This first table shows the AMS’s Watts/10 Delta Temp numbers in a quick glance table format.
Using the data compiled from the Aqua Computer AMS 360 thermal testing I have compiled the following tables in an attempt to show other ways of how its performance varies against itself at the flow rates and fan speeds tested. Effectively these show percentage gains relative to a reference point. It’s an interesting way to show gains/losses while changing a variable.
First let’s focus on 1300 RPM as our reference and see how much gain or loss in performance we get by changing fan speed.
While 25-30% may seem like a decent change at first, it’s much less than other radiators which is why the colors are quite neutral and not green or red. In other words the AMS radiator just doesn’t scale well with airflow. In the next table we then focus on the effect of changing the flow rate with 1.0 GPM as the base line:
Here we can see that as expected flow rate matters only a small amount, but matters most as airflow grows. How about we combine both flow rate and fan speed as reference points and have a look at 0.5 GPM & 750 RPM as the reference point:
Interestingly we can see that if you ran 1300@0.5GPM you could gain similar performance either by turning your fans up to 1850RPM or by turning your pump up to 1.5GPM. Lastly, we change the reference and choose our centre 1300 RPM and 1.0 GPM as our reference point to show both effects concurrently:
So from the data above we can get a very good idea of how the AMS 360mm radiator performs relative to itself. But there is a large selection of 360mm radiator models to choose from, released from numerous manufacturers. So, we need to start comparing performance between them. To see how the AMS performed against the other radiators tested, I have included the averaged flow rate comparison charts from the Round Up. We know that the flow rate has little impact on thermal performance so averaging of the 3 flow rate results gives us a good look at head to head performance at the rpm speeds tested at with even less error.
Push Only Data vs Competition
Let’s focus on the Push Only results for now and come back to the Push/Pull data later. While for Push/Pull we tested three flow rates, the Push Only testing was conducted only at 1GPM in order to save time.
Let’s start with 750RPM and see how it compares to the competition:
So we have discovered that the AMS performs quite well here. In 7th place it was ~ 5% behind the category winner.

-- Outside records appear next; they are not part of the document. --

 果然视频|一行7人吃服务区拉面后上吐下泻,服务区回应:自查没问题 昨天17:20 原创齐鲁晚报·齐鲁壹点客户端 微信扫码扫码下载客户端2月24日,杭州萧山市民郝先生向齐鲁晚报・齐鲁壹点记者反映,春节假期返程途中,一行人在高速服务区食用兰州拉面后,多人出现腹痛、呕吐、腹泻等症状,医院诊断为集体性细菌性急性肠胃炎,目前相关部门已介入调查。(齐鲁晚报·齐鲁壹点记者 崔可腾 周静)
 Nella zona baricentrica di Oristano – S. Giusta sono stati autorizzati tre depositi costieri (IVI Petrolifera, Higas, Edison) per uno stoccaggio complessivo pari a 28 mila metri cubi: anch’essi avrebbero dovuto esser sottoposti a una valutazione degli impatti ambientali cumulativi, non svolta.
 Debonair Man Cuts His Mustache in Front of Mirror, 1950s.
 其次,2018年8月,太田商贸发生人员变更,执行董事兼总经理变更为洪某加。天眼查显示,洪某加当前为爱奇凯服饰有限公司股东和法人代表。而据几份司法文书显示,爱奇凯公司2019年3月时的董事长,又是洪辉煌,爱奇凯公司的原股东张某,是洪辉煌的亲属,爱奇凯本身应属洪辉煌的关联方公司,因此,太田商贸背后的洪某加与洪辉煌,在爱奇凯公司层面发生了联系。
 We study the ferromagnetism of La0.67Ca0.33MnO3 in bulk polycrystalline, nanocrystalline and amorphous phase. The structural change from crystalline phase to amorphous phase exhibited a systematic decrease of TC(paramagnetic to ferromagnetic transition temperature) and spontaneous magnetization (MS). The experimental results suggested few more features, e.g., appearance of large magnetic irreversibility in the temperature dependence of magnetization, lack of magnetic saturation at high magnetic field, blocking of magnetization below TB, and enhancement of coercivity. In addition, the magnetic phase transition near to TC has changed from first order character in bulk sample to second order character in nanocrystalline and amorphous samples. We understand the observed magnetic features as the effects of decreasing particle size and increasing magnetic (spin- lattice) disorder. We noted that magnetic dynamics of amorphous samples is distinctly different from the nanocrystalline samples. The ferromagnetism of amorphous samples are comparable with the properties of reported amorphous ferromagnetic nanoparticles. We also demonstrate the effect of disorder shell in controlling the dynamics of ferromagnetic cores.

Let’s see how jumping to 1300 RPM Push will change things:
It seems the low fin count of the AMS has caused the performance to drop dramatically with the increased air flow. In reality of course the AMS still does better, but the other radiators performance improved much more dramatically with the increased air flow, leaving the AMS in their wake. In 3rd to last place the AMS was now 14% behind the category winner. I think we can guess where the 1850 RPM results are heading.

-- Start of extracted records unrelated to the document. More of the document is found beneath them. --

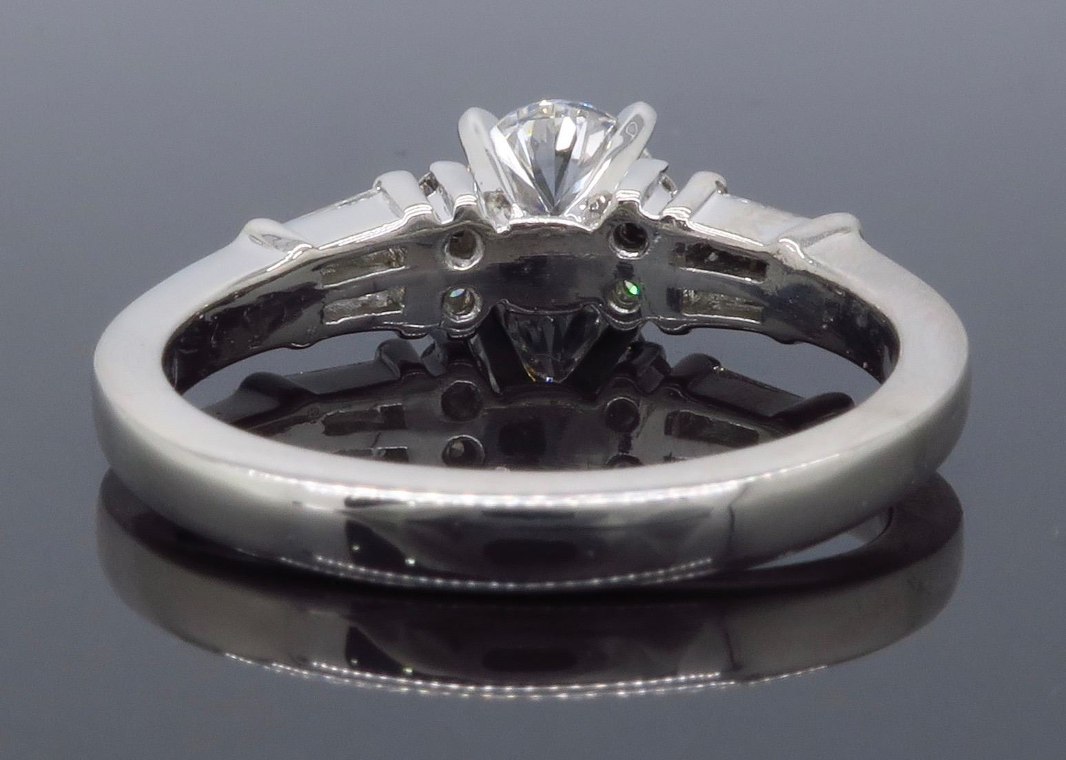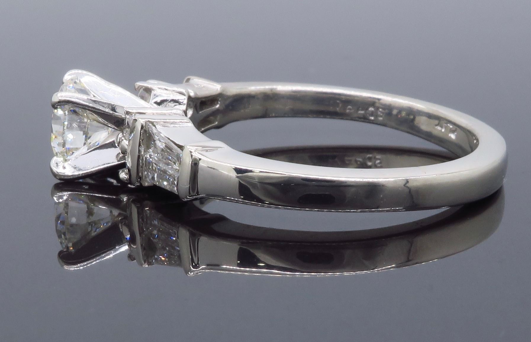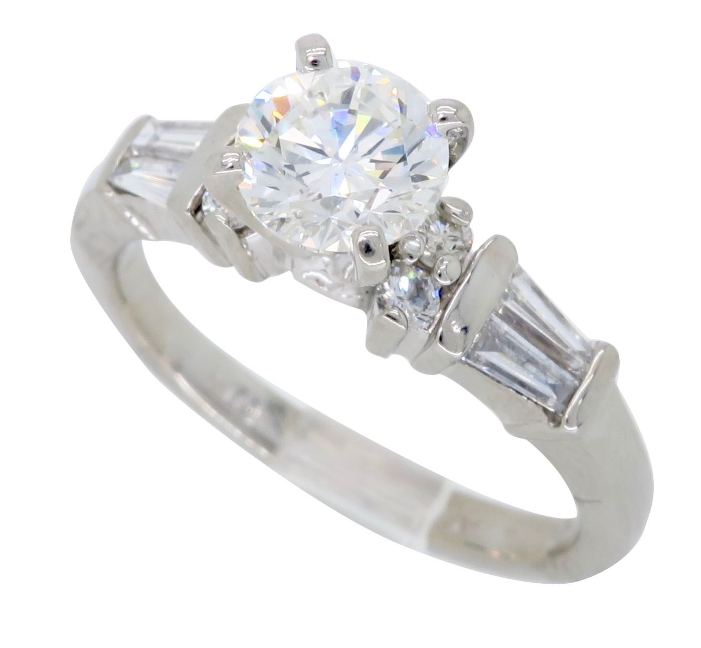 One Platinum 1.10ctw Diamond Ring. (1) Round Diamond with a total weight of 0.82cts with a color of H-I and clarity of SI-1. (4) side baguette and (4) side round Diamonds with a total weight of 0.28cts. Total weight of this ring is 7.4 grams.
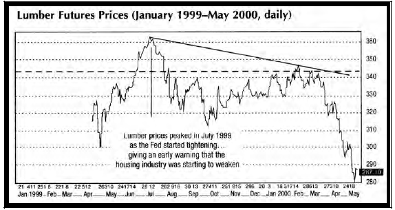 Другим товаром, который может иметь предсказательную ценность для экономики и рынка акций, являются лесоматериалы (lumber). Поскольку они напрямую связаны с рынком жилья, который, в свою очередь, считается опережающим индикатором экономических трендов. Рис. 26 показывает, как цены на лесоматериалы достигли максимума в июле 1999 года, как раз в тот момент, когда ФРС начала повышать процентные ставки. Хотя, в начале 2000 года, общепринятое мнение считало, что серия повышения ставок ФРС, будет иметь лишь небольшой увлажняющий эффект на экономику США, коллапс в ценах лесоматериалов, рассказывал, похоже, другую историю.
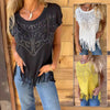 STYLOWY DESIGN: Technika tłoczenia na gorąco dodaje tej damskiej koszulce z krótkim rękawem w jednolitym kolorze odrobinę blasku i elegancji, dzięki czemu nadaje się ona na swobodne i półformalne okazje. Obszycie z frędzlami dodaje zabawnego i modnego detalu, podkreślając ogólną estetykę koszulki.
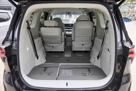 第三排的空间也不错,身高175cm左右的人坐进去,腿部大概能有一拳的距离,头部空间也很充足,短途乘坐完全不会觉得挤。实用的是,三排座椅折叠后能直接下沉到地板,形成一个纯平的储物空间,最大容积能到2792L。要是一家人出去旅行,装下行李箱、婴儿车、露营装备都没问题;要是想在车里休息,把后排座椅放倒,还能变成一张1.8米的大床,出去露营的时候,晚上躺在上面看星星,别提多惬意了。
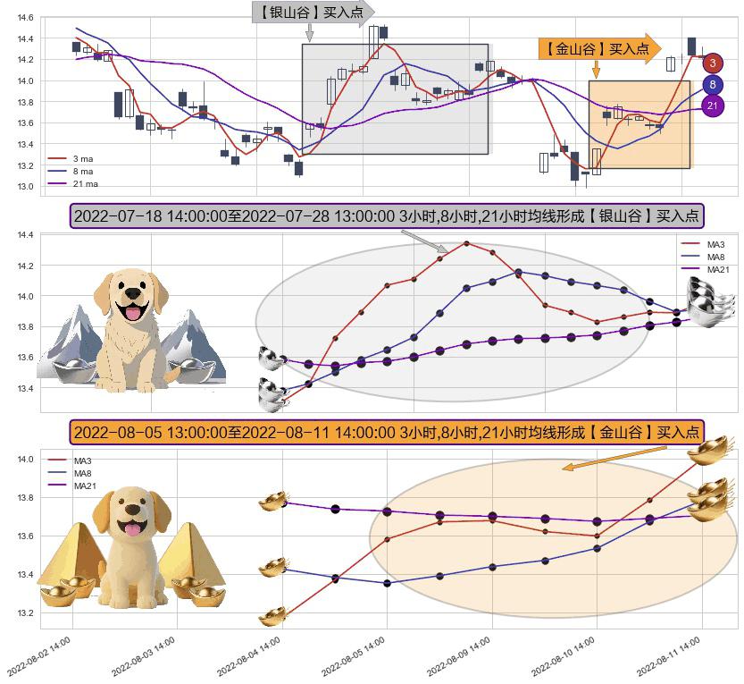 ⚄ 2022-08-05 14:00:00-小时至2022-08-11 14:00:00-小时显现 3小时-8小时-21小时均线 【金山谷】买入点 其再次确认了买入信号,可靠性更强,买入
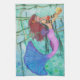 Original watercolor painting by Sandra Gale of a fantasy mermaid holding a glowing ball. This under Sea design makes a beautiful wearable piece of art. The pale colors in a sea foam green underwater scene looks uniquely beautiful.

Yes, the AMS slipped again. Finishing in 2nd last place, a whopping 20.5% behind the winning rad.
So in Push Only the AMS 360 did at least perform well at one data point – 750 rpm.
Push/Pull Data vs Competition
Now let’s take a look then at the Push/Pull data. For Push/Pull we have averaged the results from the 3 flow rates at which we tested. If the trend from the Push Only results continue, this will not be pretty:
The AMS finished in 3rd last place in the Push/Pull low fan speed category, ~12.5% behind the winning rad. This is disappointing given the Push 750 RPM data was not horrible. The second row of fans clearly favors the “flat” tube style radiators. 1300RPM will surely make things worse:
In the 1300 rpm category the AMS is second last only besting it’s slimmer stable mate, the Radical 2. The AMS is now around 23% behind the category winner. There is just one more nail in the coffin to go – 1850 RPM:
Finishing in 2nd last place again, the AMS is now around 31% behind the high speed fan category winner. The next plots were put together using all the fan speeds at only the 1.0 gpm flow rate with both Push Only and Push/Pull fan assemblies so we can see where the AMS placed in the grand scheme of things. By now it should be clear what to expect but it’s interesting to directly compare Push and Push/Pull performance:
750 RPM and 1.0 GPM – Push & Push/Pull data merged:
At 750RPM then the Push/Pull AMS is already being beaten by three radiators with only push fans. The best AMS result – 750RPM push only does however itself beat one radiator with push/pull fans – it’s stable mate the Radical 2.
1300 RPM and 1.0 GPM – Push & Push/Pull data merged:
No surprises here at 1300RPM the AMS always lagged behind the competition. Finally let’s take a look at the merged data for Push and Push/Pull @ 1850 RPM @ 1.0 GPM.
This plot really makes it clear then that the AMS 360 is a simply a poor performing radiator. While not the worst of the test group, it was not far from it at every data point that we tested at in Push/Pull configuration. The AMS just cannot dissipate the same amount of heat from the coolant as the other rads in the test group.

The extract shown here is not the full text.